What exercises on the ball can be done after the birth of
Loads after childbirth should be very strictly dosed. Excessive enthusiasm for fitness can lead to lack of milk, stretching, trauma. Before the beginning of the consultation with a doctor is mandatory. To restore the back muscles, exercises with a fitball are recommended:
- Standing on the floor, palms rest in the ball. Rolling the ball with your hands as much as possible forward, the initial state. Repeat 10 times.
- Lying put your shins on the fitball, lift the body to your knees, trying to touch the right knee with your right hand and vice versa. Repeat 20 times.
Video drills for children of different ages
Videos that show the use of fitball for gymnastics of children of different ages, you will see below. Are you interested in gymnastic warm-up exercises for children of the first year of life and for preschoolers? Popular exercises, the order of their implementation, possible problems, the secrets of successful training with children - all this will help with the confidence to introduce a sport ball.

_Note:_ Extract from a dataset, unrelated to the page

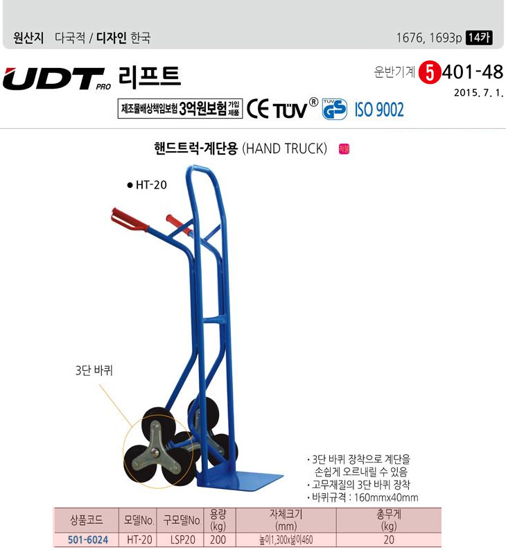 [UDT] °è´Ü¿ë ÇÚµåÆ®·°/°è´ÜÂ÷(LSP20, ºÎÇÏÁß·®:200Kg, 1300x460mm, °í¹«ÀçÁú 3´Ü ¹ÙÄû)(Hand Truck)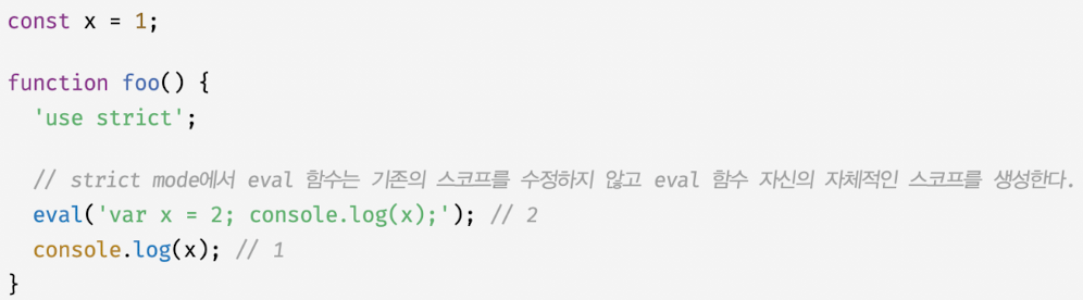 - 단, strict mode에서 eval 함수는 기존의 스코프를 수정하지 않고 eval 함수 자신의 자체 스코프 생성

Ball gymnastics for babies
Gymnastics for preschoolers with fitball
Reviews on training
Nadia, 24 years old : My husband bought me a fitball during pregnancy, but I never did it, but after giving birth he helped me and the baby very much. At first I stretched my back only to myself, and then I began to lay my son on the ball and roll. We both liked this lesson, my back stopped hurting, and my son became confident in holding the head very early( in a month and a half).
Svetlana, 43 years old : I tried to lose weight at home - nothing happened, there was not enough motivation. I registered for a yoga course with a fitball. In the group, classes are much more interesting, and the load is almost imperceptible. For six months of this yoga I dropped 16 kg and do not stop. I got myself a fitball home and train independently. Exercises are simple, it is a pleasure to do them.
Lena, 34 years old : After delivery, she gained 15 kg extra. Especially me thighs have upset, well nothing could remove fat from an internal surface! No simulators, charging and running did not help. I stumbled upon an exercise course on fitball, tried it, and after 3 months I saw the first result: the muscles became noticeably stronger, and the skin tightened, and the back ceased to disturb the pains..
Katerina 34 years : I have been teaching fitness for more than 10 years. I noticed in my wards that exercises with usual fitball bring a tangible result, especially to beginners. The ball does not give excessive load, prevents stretching and other injuries. The projectile is well suited for both beginner and warm-up before intense training. I recommend fitball as a way of rehabilitation after trauma or childbirth, problems with the back.